Q. I have a hunch that our Metal Finishing department's time table for bath maintenance for their soak clean tanks are not appropriate/not efficient in ensuring effective cleaning. Does anybody out there have a method for a soil load test or similar to use for bath life? We use an Atotech product and they stated they do not use soil load tests. We run soak, electro, electro and the blame is always put on the electro-clean but I have a hunch it is actually the soak clean that is the problem.

Thank you,

Paul Hinton
Chemical Manager - Golden Valley, Minnesota USA
April 7, 2015


A. Put 50 ml of the cleaner solution in a 100 ml graduated cylinder. Slowly, carefully, add 50 ml of 50% sulfuric acid, stopper, invert, put on shelf overnight.

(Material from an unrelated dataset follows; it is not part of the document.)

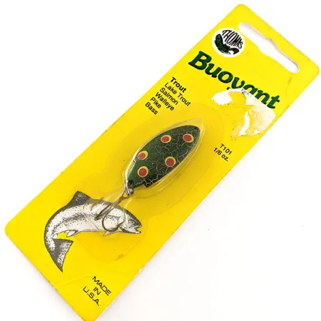 Lungo esattamente 4 cm (1 1/2"), questo ondulante è rifinito nella caratteristica colorazione Red Dot Frog, con una superficie screziata verde scuro, riflessi dorati e vivaci punti rossi. Questo esemplare, identificato dal codice prodotto T101FRG, è conservato nella sua confezione originale vintage in blister giallo e non è mai stato usato. Con un peso di 4,7 g (1/6 oz), l'esca fa parte di una serie che risale a un brevetto statunitense del 1946. Il corpo in metallo stampato è progettato per l'efficacia in torrenti o laghi insidiando trote, salmoni e walleye. Secondo le istruzioni originali sul retro, si raccomanda un recupero da lento a moderato sia per lo spinning che per la traina. La finitura di qualità orafa rimane brillante e il cartoncino originale lo certifica come prodotto genuino Made in U.S.A. della Thomas Spinning Lures, Inc. Il retro della confezione include anche raccomandazioni specifiche per la minuteria, come l'uso di un moschettone Duo-lock o di un nodo a cappio per consentire all'esca di raggiungere la profondità prevista.

Do this for a brand new solution and note the ml of organic float on top and multiply by 2. Then check your old solution the same way, subtract the above from the old, multiply by 2 - that is the "percentage of soil loading" which you take with a grain of salt until you have logged a few weeks, - then start using it as a dump or bleed/feed point.

robert probert
Robert H Probert
Robert H Probert Technical Services
supporting advertiser
Garner, North Carolina
probertbanner
April 7, 2015



!! As this site is used by many non-chemists who may not understand the implications, perhaps we should add to Robert's instructions.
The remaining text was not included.